%%

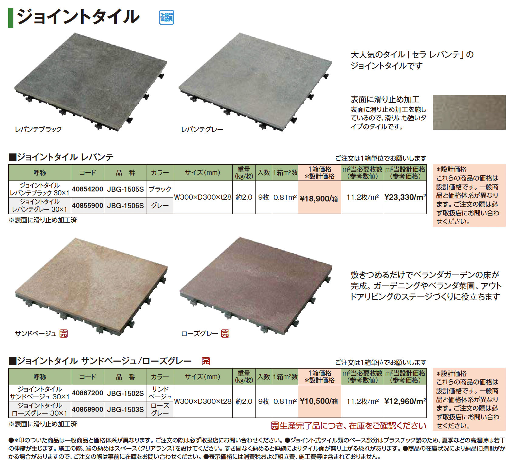 | 新旧品 | ジョイントタイル(プロガーデンエクステリア総合カタログPROEX2025)ジョイントタイル【2024年版】(プロガーデンエクステリア総合カタログ PROEX2024) |
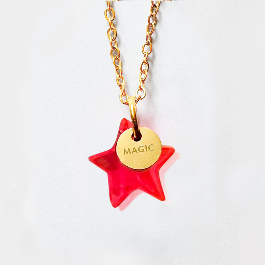 Handgefertigte Halskette aus Edelstahl 18K vergoldet mit Anhänger aus Acrylglas und vergoldetem, graviertem Plättchen
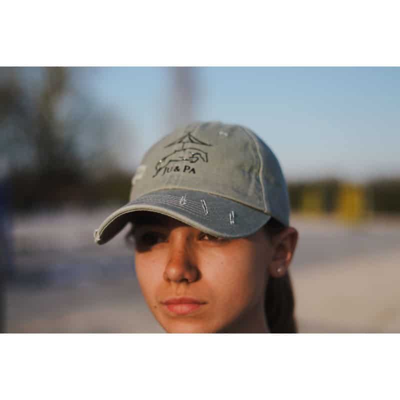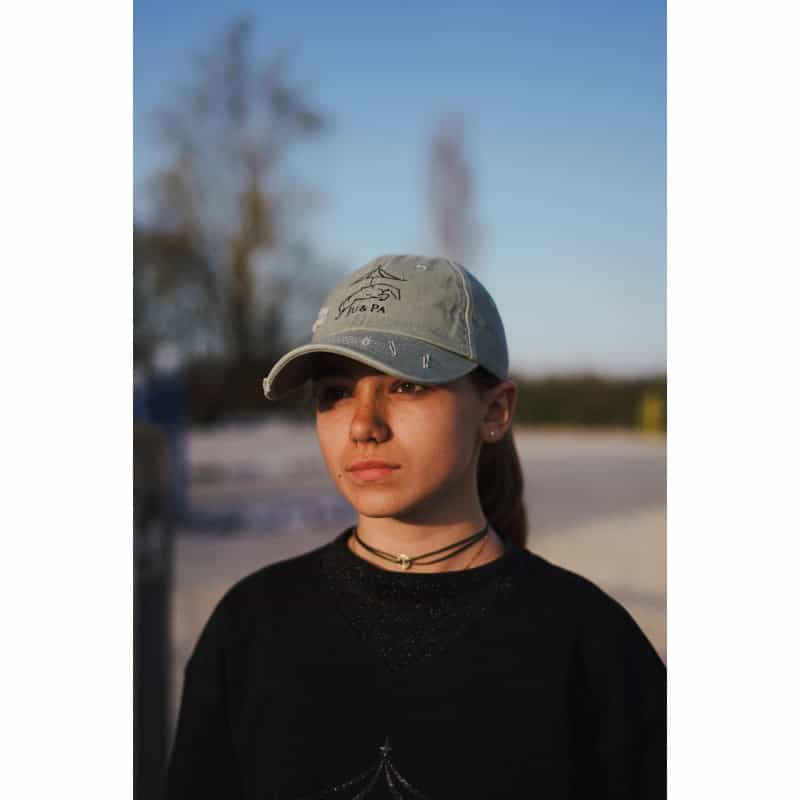 Casquette délavée Kaki avec logo brodé en glitter noir

%%

# ACTION ITEM:
Would you transcribe all of the data exactly, omitting any pictures?

# PROBLEM SOLUTION:
 | 新旧品 | ジョイントタイル(プロガーデンエクステリア総合カタログPROEX2025)ジョイントタイル【2024年版】(プロガーデンエクステリア総合カタログ PROEX2024) |
 Handgefertigte Halskette aus Edelstahl 18K vergoldet mit Anhänger aus Acrylglas und vergoldetem, graviertem Plättchen
 Casquette délavée Kaki avec logo brodé en glitter noir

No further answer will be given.